Arkadaşlar şimdi bizim atlardan ne farkımız kaldı taktık at gözlüklerini dediklerini paşa paşa yapacak mıyız?
Adalar elden gidiyor, şehirleşiyor ve biz de sessiz mi kalacağız?
Hayvan hakları diyorlar; Büyükada’daki barınağı hiç mi kimsenin gözü görmedi hani nerde hayvanseverler?
Bugün akülü fayton getirirler, yarın havaalanı yaptırırlar.
Seferoğlu’nun orada yapılan koca binaları kimse görmüyor, turizme katkı amacı altında yapılan oteller, pansiyonlar da cabası! Adalar artık ‘sayfiye yeri’ olmaktan çıktı! Sağolsun bu kadar otel ve pansiyonlar sayesinde Polenzköy’e döndü!
Adalı olmak ayrıcalıktır, faytonuyla, temiz havasıyla, deniziyle, güneşiyle…
Sonuna kadar ben de sizlerleyim, “Faytonlarımızı Vermiyoruz, Akülüleri İstemiyoruz!”
Kampana ve nal sesi susmasın!
_____________________________________________
Sabah, 30.3.2012
Hıncal’ın Yeri
http://www.sabah.com.tr/Yazarlar/uluc/2012/03/30/yasak-hemserim
Yasak hemşerim!..
Adalar benim için faytondur.. Kordon’un fayton olduğu gibi.. Viyana’nın fayton olduğu gibi..

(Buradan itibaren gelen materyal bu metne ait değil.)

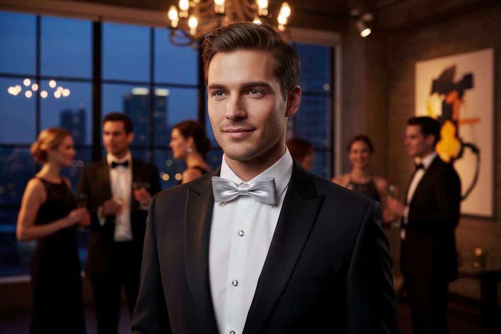 Elegancka srebrna muszka męska o rozmiarze 10 cm pasuje idealnie zarówno do koszuli frakowej jak i smokingowej. Z tyłu muszki jest umieszczony haczyk z oczkiem, co umożliwia proste dopasowanie długości do obwodu Twojej szyi.

Büyük Ada’da fayton yasaklanamaz..
Biliyorum, Balçiçek (İlter/ Pamir) şimdi kıyameti koparacak. “Bekara karı boşamak kolay. Ayda yılda bir kere Ada’ya gelip keyif yapan Hıncal Ağabeye kolay. Ya benim gibi, hele yazları iyice bok kokan adada yaşıyorsan?. İkiz çocuklarını her sabah o at pislikleriyle dolu sokaklarda büyütmeye çalışıyorsan?..” Aynen haklısın Balçiçek.. Aynen haklısın.. Ama çözüm “Yasak” değil.. Baş edemediğin her şeyi yasaklamak bu ülkede moda oldu.. Çözümün en kolay yolu “Yasak” demek.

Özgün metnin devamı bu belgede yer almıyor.